Wednesday, January 09, 2008

massage etiquette

there are so many different ways i am able to spell 'awkward' in my life. there simply isnt enough time in the day for me to write or for you to read all the creative ways i have found to experience the glorious and sickening heights of discomfort. there was the time i was getting a massage at a spa with mr. hands all over me to the point where every part of me thought i should say something, but i, drowning in my bone dry well of assertiveness, could not for the life of me muster any words. instead i endured rather than enjoyed the latter part of my massage and didnt tip as generously. i know some people who would have said something, quit the 'relaxing' experience, demanded a refund and spread a few rumors, but im not that girl. not that i dont want to be, its just that im not. i seem to possess zero assertiveness until im highly irritated and its then that i boldly skip assertive and head straight to raging biatch. how i wish it werent so, but thats actually not what this post is about...


rather, im wondering when you are getting a manicure or pedicure (as i was today) and hard working cosmetologist is actively massaging those hands and feet, what do you say? do you say nothing and not let her know this is actually the best part of the whole shabang or do you encourage with some degree of verbal feedback? i feel weird even maintaining eye contact and yet i dont want to appear disinterested or lackadaisical (after all the painted pigs and fingers are simply bonus to the relaxing rub down), but its just a bit awkward during those moments when a total stranger is working hard at making you feel good and all the things that you could say somehow within this encounter with a stranger all sound just a little bit inappropriate. so, let me know...how can i keep the best part of the service going without feeling totally weirded out? or worse, being the source of a discussion around a mat of kimchee during break...

Tuesday, January 01, 2008

s.k.i. #4


okay, she's cute. she's ours and generally speaking in spite of the rapidly approaching milestone of 2, we will keep her a bit longer (being this close to potty training, we arent ready to give her back after our hard work is just beginning to pay off), but this little one
is the cause of our most recent strange korean incident.
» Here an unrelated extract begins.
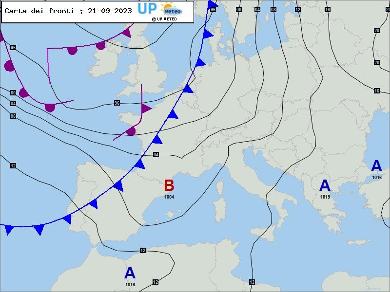 Questa mappa rappresenta i fronti meteorologici (fronte caldo, fronte freddo, fronte occluso) con indicazione della pressione al suolo (isobare a step di 4 mB) e dei minimi e massimi barometrici.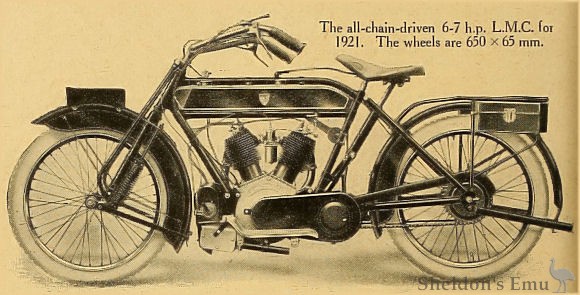 The all-chain-drlven 6-7 h.p. L.M.C. for 1921. The wheels are 650 x 65 mm.

i will start by saying this little country of south korea (i only mention 'south' because a disturbing number of you have in fact asked me to clarify that more than a few times) is a very hospitable place, especially compared to our not so neighborly counterparts in north korea. really the only things thus far driving me crazy here are the smell (seriously, we could really use a downpour of febreeze) and the fact there is no word used for 'excuse me' as in 'pardon me, you are in my way'. the alternative is a lot of pushing, leaning, shoving, inadvertent molesting...you get the idea. one of the things i do love most about this country is they LOVE children, particularly american children, especially the blond variety. ive heard various reasons for the love affair from it 'being considered good luck in their culture to touch the head of a blond kid' to 'they just dont see very many' and the list goes on and on. i have yet to confirm the source of the admiration, but i have seen the proof. it is what i believe kept the nice korean woman lucky enough to be in the seat in front of georgia on the short 15 hour flight over here from tossing the peach out an exit door mid flight.

and while it is flattering, really, it is being the one who makes up half of those super cute genes, it is taking just a wee bit of self control to not offer some purell to the masses of toucherbys. seriously, speak to her, glance at her, touch her hand if you must, but the grabbing and kissing has got to stop. we went up to seoul this weekend for a family day in insadong (a really great art district we were told about from a friend) and while it was awesome getting out of our fishbowl known as songtan, it did not come without a few hiccups. namely the fact that we were stopped every 3-5 FEET for pictures, well wishes and of course lots and lots of touching. georgia was in a great mood and more than willing to wow the masses with her limited korean as she said hello and thank you and brought smiles to all around. but seriously...i kept wanting to let them know we werent the nannies in possession of baby jolie-pitt, this was in fact our own home made peach who while in fact is blond and has brought us a great deal of joy (and sleepless nights, but who is asking), she is no buddha and will not be bringing good luck to any of you...therefore, no need to keep touching.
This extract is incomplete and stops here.